PROVIDED DATA –
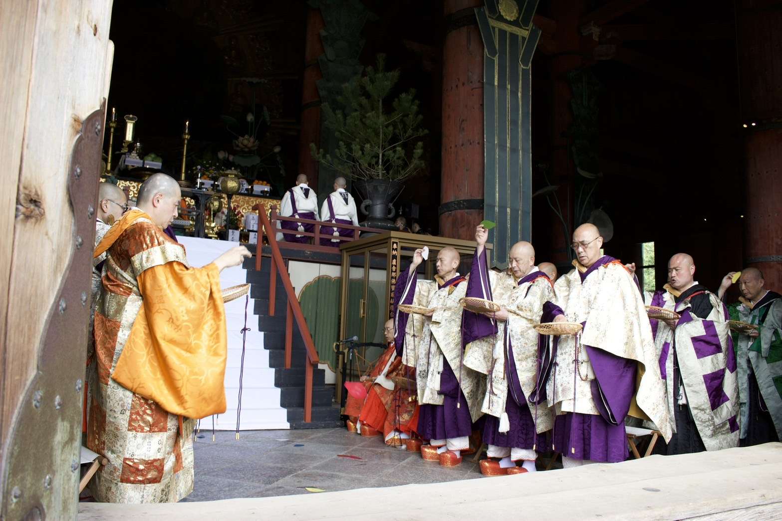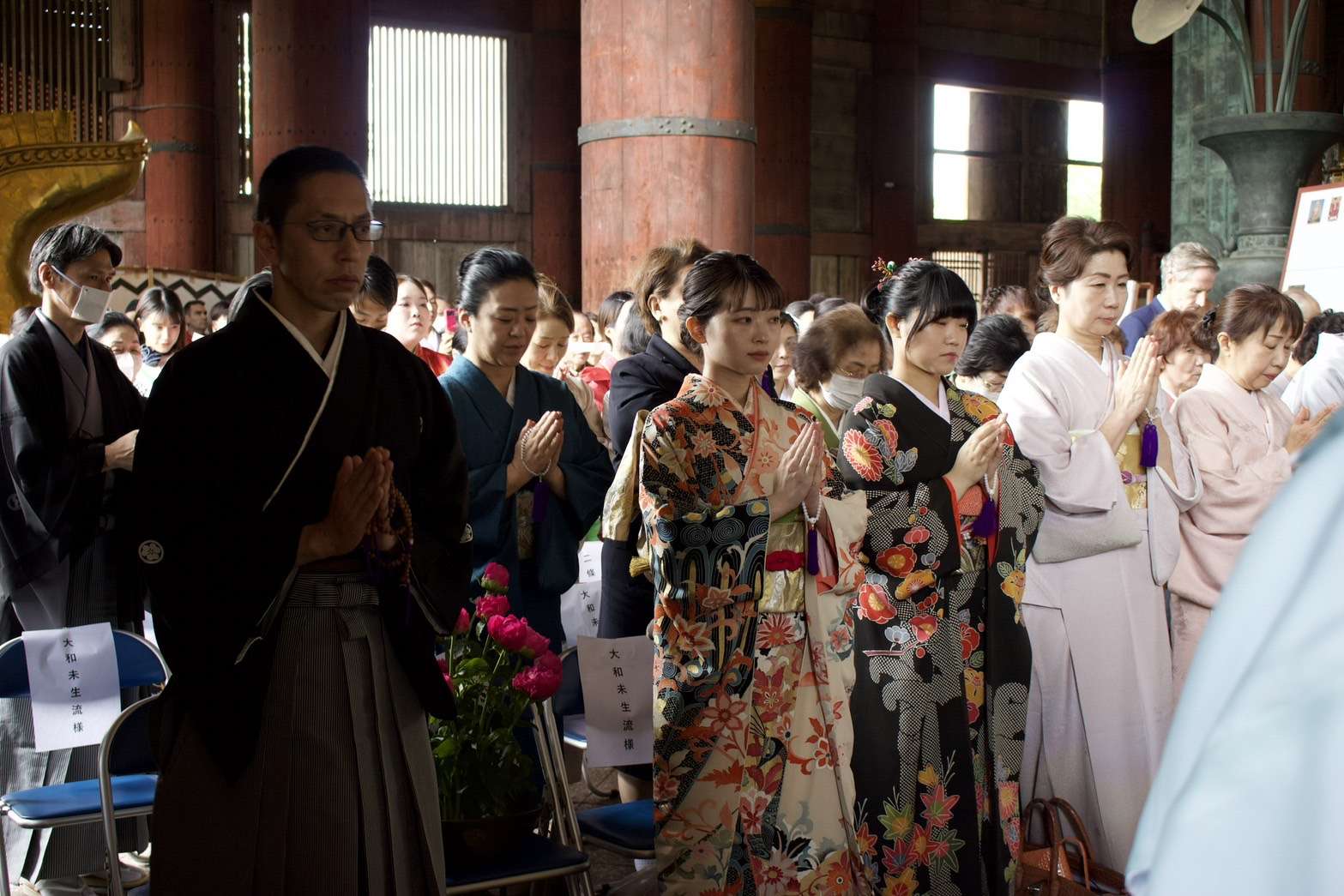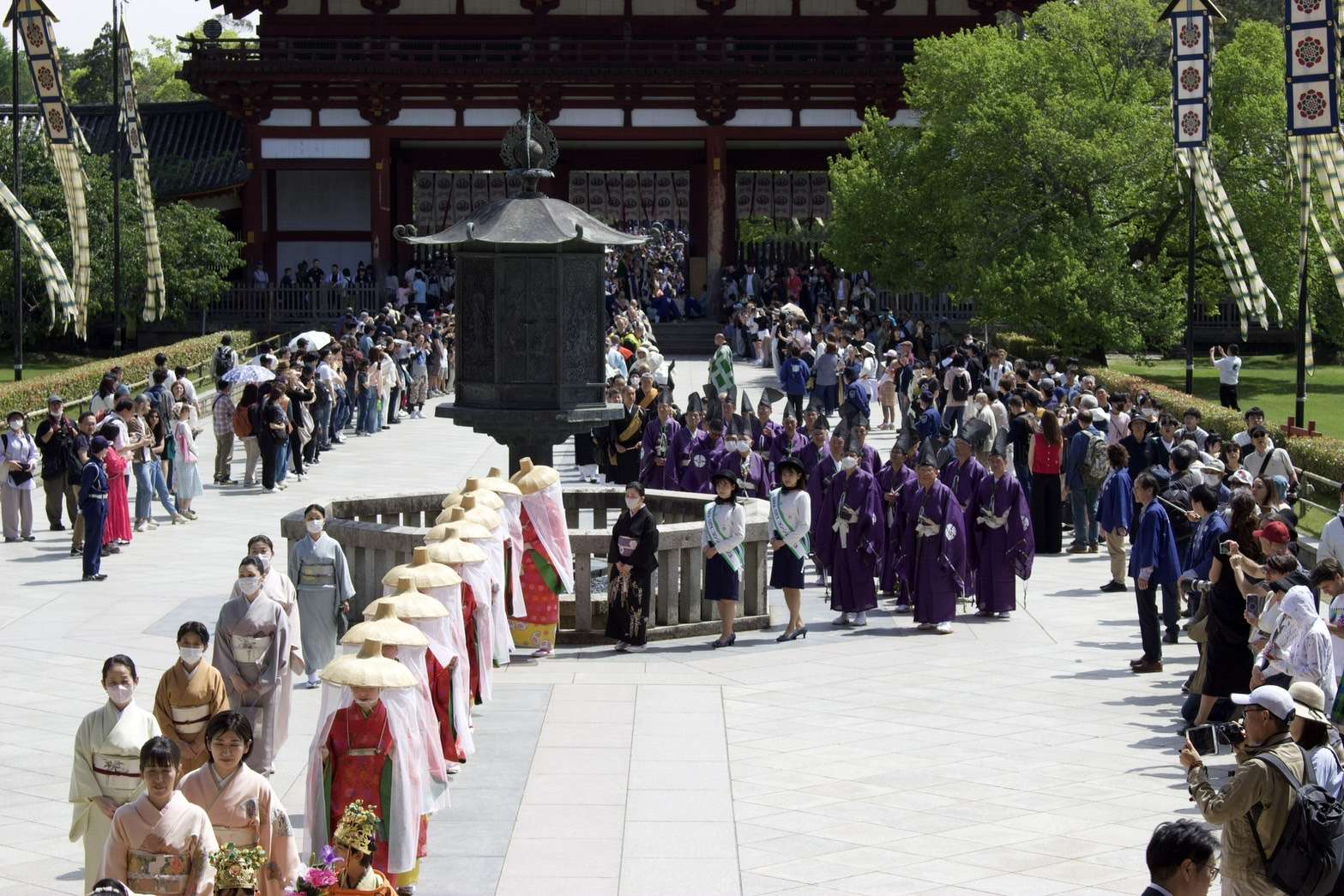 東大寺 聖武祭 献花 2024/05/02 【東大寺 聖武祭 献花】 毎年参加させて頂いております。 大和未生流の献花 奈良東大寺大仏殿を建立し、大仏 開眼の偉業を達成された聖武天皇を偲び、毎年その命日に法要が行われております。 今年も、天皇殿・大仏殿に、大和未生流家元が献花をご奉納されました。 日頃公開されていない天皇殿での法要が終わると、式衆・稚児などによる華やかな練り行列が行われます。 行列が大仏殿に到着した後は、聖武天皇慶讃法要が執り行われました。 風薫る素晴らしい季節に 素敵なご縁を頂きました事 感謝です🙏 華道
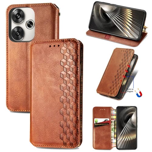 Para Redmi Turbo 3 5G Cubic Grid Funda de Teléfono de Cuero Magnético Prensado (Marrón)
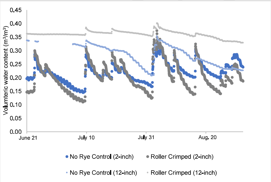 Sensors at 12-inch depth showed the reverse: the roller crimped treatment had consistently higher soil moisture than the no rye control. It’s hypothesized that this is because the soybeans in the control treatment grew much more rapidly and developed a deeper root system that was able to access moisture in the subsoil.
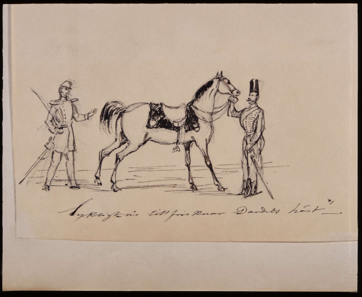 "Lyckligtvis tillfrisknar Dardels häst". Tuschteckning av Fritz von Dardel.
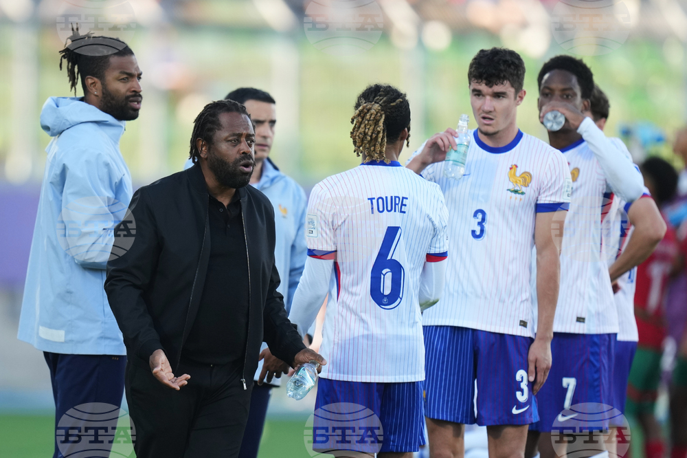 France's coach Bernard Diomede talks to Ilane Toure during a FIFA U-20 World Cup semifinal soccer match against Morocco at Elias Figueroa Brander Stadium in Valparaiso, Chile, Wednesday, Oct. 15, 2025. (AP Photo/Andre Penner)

WHAT YOU SHOULD DO –
Your reply should hold only the lines running from the one with "Para Redmi Turbo" to the end of the data above, set down exactly, pictures omitted.

WRITTEN RESPONSE –
 Para Redmi Turbo 3 5G Cubic Grid Funda de Teléfono de Cuero Magnético Prensado (Marrón)
 Sensors at 12-inch depth showed the reverse: the roller crimped treatment had consistently higher soil moisture than the no rye control. It’s hypothesized that this is because the soybeans in the control treatment grew much more rapidly and developed a deeper root system that was able to access moisture in the subsoil.
 "Lyckligtvis tillfrisknar Dardels häst". Tuschteckning av Fritz von Dardel.
 France's coach Bernard Diomede talks to Ilane Toure during a FIFA U-20 World Cup semifinal soccer match against Morocco at Elias Figueroa Brander Stadium in Valparaiso, Chile, Wednesday, Oct. 15, 2025. (AP Photo/Andre Penner)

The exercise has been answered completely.